So I drive and I drive and I head east and I wait expectantly for Annabelle to return and give me direction.

After a while, driving aimlessly gets really boring, the novelty wears quickly, and I decide it might be best to find a quiet place to park and think and relax while I wait. I exit the freeway, navigate the car through a residential neighborhood and park in front of a dark house overtaken by lush weeping willows. The LED flashes 5:15 a.m. and the neighborhood street is deserted. Satisfied I am safe, alone and unseen, I shut off the car and kill the lights.

Okay, assessment: I am still a filthy mess.

My pants and my shoes are spattered with blood and encrusted with dirt.

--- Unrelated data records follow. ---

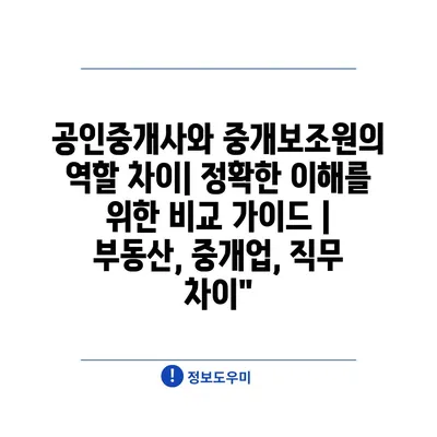 공인중개사와 중개보조원의 역할 차이| 정확한 이해를 위한 비교 가이드 | 부동산, 중개업, 직무 차이”
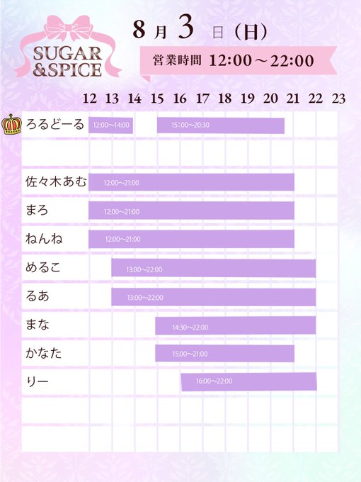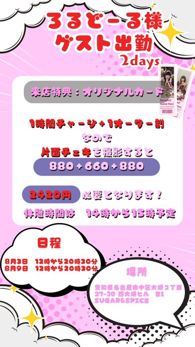 🔰るあ🍼Mimi@sas_rua8·2時間体調全然回復しなくて今日もおやすみ頂きます、泣引用SUGAR & SPICE 大須コンカフェ シュガスパ@sugar_spice_osu·3時間. .°ʚ SUGAR&SPICE ɞ°. 👑08.03 お給仕表👑 ろるどーるさん🩷 ゲストイベント❕ ご主人様、お嬢様のご帰宅お待ちしております💕 #SaSお給仕表 #SaSイベント x.com/sugar_spice_os…1:44213376
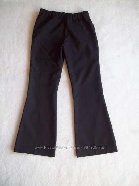 Пропоную чорні шкільні штани для дівчинки, з підвіскою метеликом. Матеріал - поліестр з віскозою, практично не мнуться. Класичний силует, трохи розкльошені донизу, зручно на чоботи. Уживані акуратно, стан відмінний, дефектів немає, дивіться фото.Розмір вказаний на 9 років, зріст 134 см. Довжина з бокового шва 82 см, з внутрішнього шва 60 см, ширина талії максимум 34 см, можна зменшити. Ширина штанини внизу 22 см.
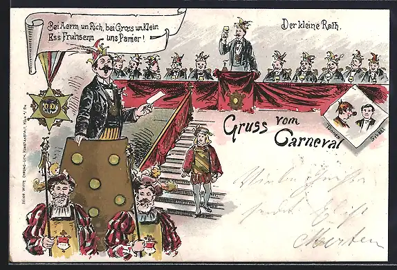 Künstler-AK Köln a. Rh., Der kleine Rath auf dem Carneval
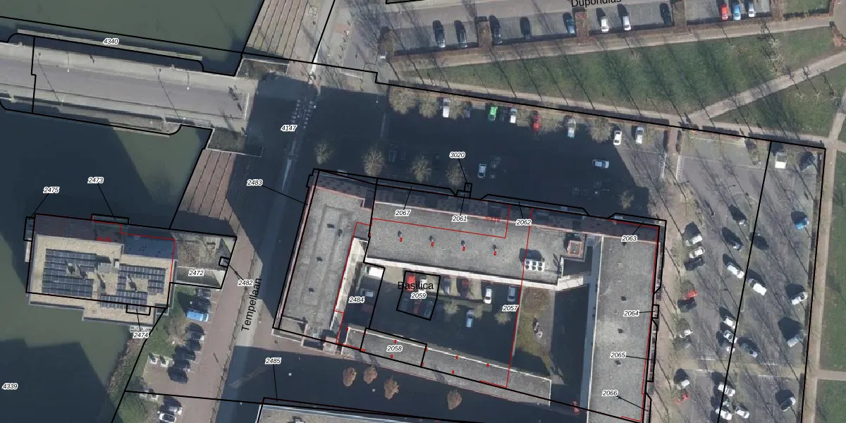 Het perceel waarop Basilica 67 staat heeft een oppervlakte van 2732 m². Dit is een zeer groot perceel. De perceeloppervlakte wordt geregistreerd door het Kadaster. Gedetailleerde informatie over de maten van dit perceel kunt u vinden in het rapport Kadastrale kaart met maatvoering van Basilica 67.

My shirt shifts and swings, nearly gone, burned, torn to shreds and hanging like rags beneath my sweater.

The hole in my stomach is still moist. I lift up my pullover to find it gaping crimson, crusty and wet, leaking a blackish fluid into the fabric of the sweater, soiling it, weighing it down, and expanding an ever-growing damp spot.

My other bullet wounds are somewhat dry, but they still look pretty foul, cracked around the edges and caked with gobs of whitish yellow crud. I think they have stopped hurting, but then again the pain may have simply crested, reaching a level of consistent throbbing so consistent it has become a part of me—an invariable, a component of the steadily humming decay, part of death’s still dance. I center and try to focus. Yes, the pain, per se, is definitely gone, but there is still a feeling, something in its place, a dreadful sensation that feels wrong and empty and, well, dead. I suppose it’s to be expected. I mean I’ve been shot. I am technically dead. Dead to you anyway. Dead to doctors and bullets and disease. Dead to microbes and water and earth. Dead to the dream.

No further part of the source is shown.